Edith’s new identity as an author and Teddy’s worsening mental health put immense strain on their marriage. Teddy was more comfortable with their old society and didn’t like her new literary friends. As Edith was writing Ethan Fromme (1911), another story about being trapped in an unhappy relationship, she decided to set herself free. As her novel became another bestseller, Edith made arrangements to sell The Mount and start divorce proceedings. While most of her characters social pressure too difficult to resist, Edith was reconciled to leaving it behind to build a career for herself as a writer.

Brains, Heart & Courage 

Edith grew up in a wealthy and socially influential New York City family. Her great-aunts were said to be the namesake of the phrase “keeping up with the Joneses.” Edith’s brothers were 16 and 12 when she was born, so for most of her upbringing, she was the only child at home.

Portrait of Edith when she was about 8.

Her family divided its time between the city and a summer home in Newport, Rhode Island until Edith was 4 and they moved to Europe. Around the same age, Edith invented a game she called “making up” where she walked around with a book, turned its pages, and made up a story about someone she had seen on the street. Edith’s dad taught her to read the books she carried around but she still kept “making up.”

Edith and her family returned to New York in 1872, when she was 10. Edith felt like a stranger in the city and preferred her summers in Newport, where she could be outdoors swimming and boating. Her parents jumped right back into their very structured lives and Edith’s mom began drilling her on the social rules she was expected to follow. Appearances were very important, and Edith learned early how houses, clothing, and manners define a society and a family.

In New York, wealthy girls didn’t attend school, but had private tutors who taught them “appropriate” subjects. Edith also was forbidden from reading contemporary novels because her mom thought they were inappropriate for an unmarried girl. Edith grew restless with the limits put on her education and found a solution just down the hall in her father’s personal library. By her teens she knew the 700-800 books there by heart.

The classic literature, plays, and poems Edith devoured inspired her to trying writing stories herself, on brown parcel paper she saved from packages. She found inspiration by watching the beautiful people of Newport.
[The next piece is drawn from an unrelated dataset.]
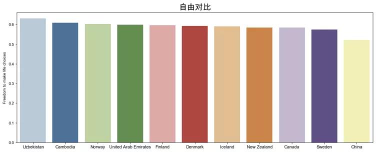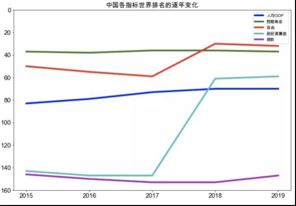 對過去五年的中國在各指數上的全球排名的變化可以發現,預期壽命基本保持不變,人均GDP緩步上升,政府清廉度急速上升,捐款狀況在低位徘徊,人民自由先降后升。可以反映出,我國的反腐斗爭成績喜人,經濟建設還需努力,民生醫療建設成果要繼續保持,為了更好的發展,我們需要更高質量的自由。

On the outside their lives were a constant whirl of boat races, tennis games, social calls, and dinner parties and discussion of potentially dangerous subjects like politics, religion, and relationships was not allowed. Edith wondered if their outward devotion to rules and propriety matched their inner lives and thoughts. She wrote a short novel, Fast and Loose, about this idea when she was 15.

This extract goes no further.